Source material:
════
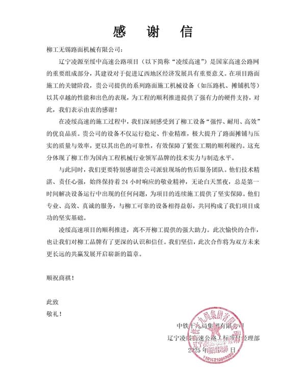 项目方在感谢信中特别提到,柳工路机设备性能卓越,操作便捷,在提升施工效率、保证工程质量方面发挥了重要作用。同时,柳工服务团队响应迅速,提供了全程贴心的技术指导与运维保障,有效解决了施工过程中的难点问题,展现了高度的责任感与专业水准。
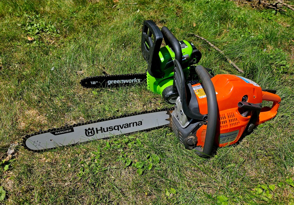 His-and-hers chain saws! (Guess which one is mine. 😉 ) I got Jeff a new one this week, and he’s delighted with it, too. He has three already, but all are used and in various stages of disrepair. He deserved a new one. After all, they are essential to the clean-up of Camp Many Moons…
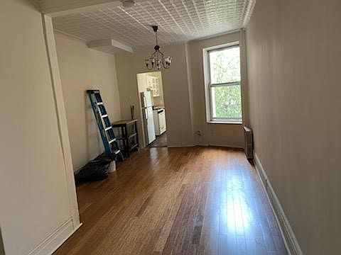 This spacious apartment is located on the second floor of a masonry townhouse on a lovely tree lined street close to all. 2 short blocks to the G train, supermarket, laundromat, shops, parks, and restaurants. Floor through apartment has two separate entrances, plenty of windows. Step into a spacious windowed living area adjoined by a galley like kitchen with window and plenty of cabinet space. Generously sized bathroom with bathtub. Hardwood floors, heat and hot water included. Please see 3D tour. 1 small pet ok. Showings for Tuesdays to Saturdays. If you need a two bedroom with windows similar to this one we have a 2 bedroom for $2600/mth on Java Street.
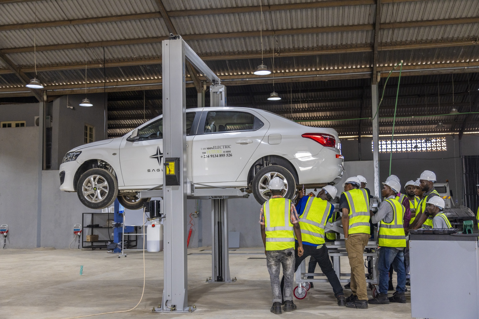 Staff examining an EV-Sedan at Saglev's EV assembly plant on the outskirts of Lagos.Photographer: Andrew Esiebo/Bloomberg
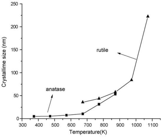 - Farhadian Azizi, K.; Bagheri-Mohagheghi, M.M. Transition from anatase to rutile phase in titanium dioxide (TiO2) nanoparticles synthesized by complexing sol–gel process: Effect of kind of complexing agent and calcinating temperature. J. Sol-Gel Sci. Technol. 2013, 65, 329–335. [Google Scholar] [CrossRef]
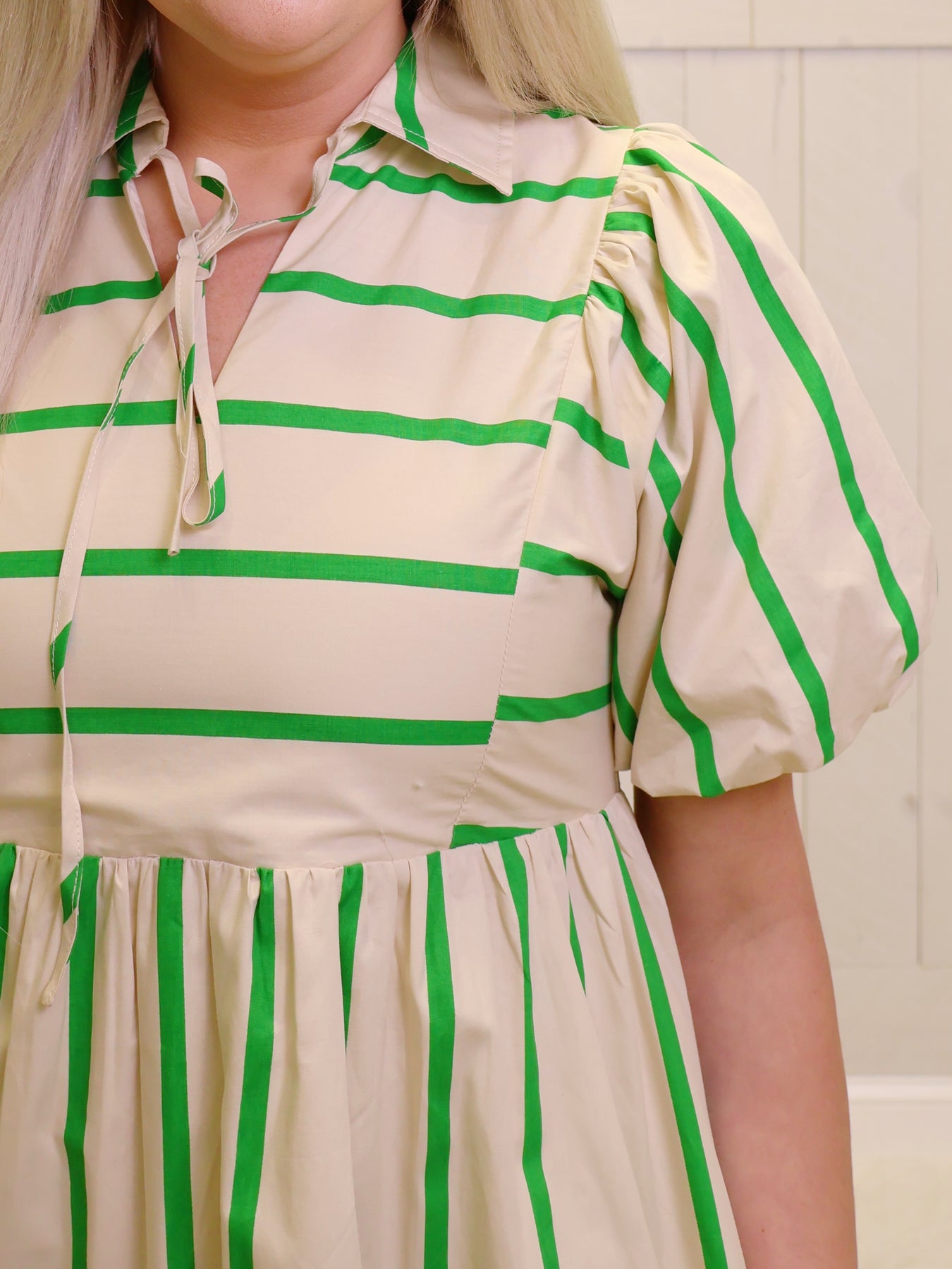 Elevate your style with the Jodifl Green and Cream Striped Dress. Featuring graceful puff sleeves, this dress offers a unique blend of comfort and sophistication. A perfect choice for any occasion, it will leave you feeling confident and elegant.
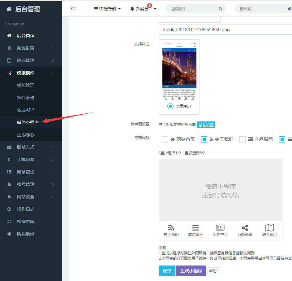 注意:请在外网环境(互联网)生成小程序,否则会导致小程序数据无法调取。
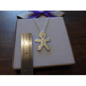 A little handmade gingerbread man pendant, hand cut using argentium silver.
════
Your objective:
In the data above, find the line with "- Farhadian Azizi, K.;" and repeat it and every line after it through the end, exactly; leave the pictures out.

Answer space:
 - Farhadian Azizi, K.; Bagheri-Mohagheghi, M.M. Transition from anatase to rutile phase in titanium dioxide (TiO2) nanoparticles synthesized by complexing sol–gel process: Effect of kind of complexing agent and calcinating temperature. J. Sol-Gel Sci. Technol. 2013, 65, 329–335. [Google Scholar] [CrossRef]
 Elevate your style with the Jodifl Green and Cream Striped Dress. Featuring graceful puff sleeves, this dress offers a unique blend of comfort and sophistication. A perfect choice for any occasion, it will leave you feeling confident and elegant.
 注意:请在外网环境(互联网)生成小程序,否则会导致小程序数据无法调取。
 A little handmade gingerbread man pendant, hand cut using argentium silver.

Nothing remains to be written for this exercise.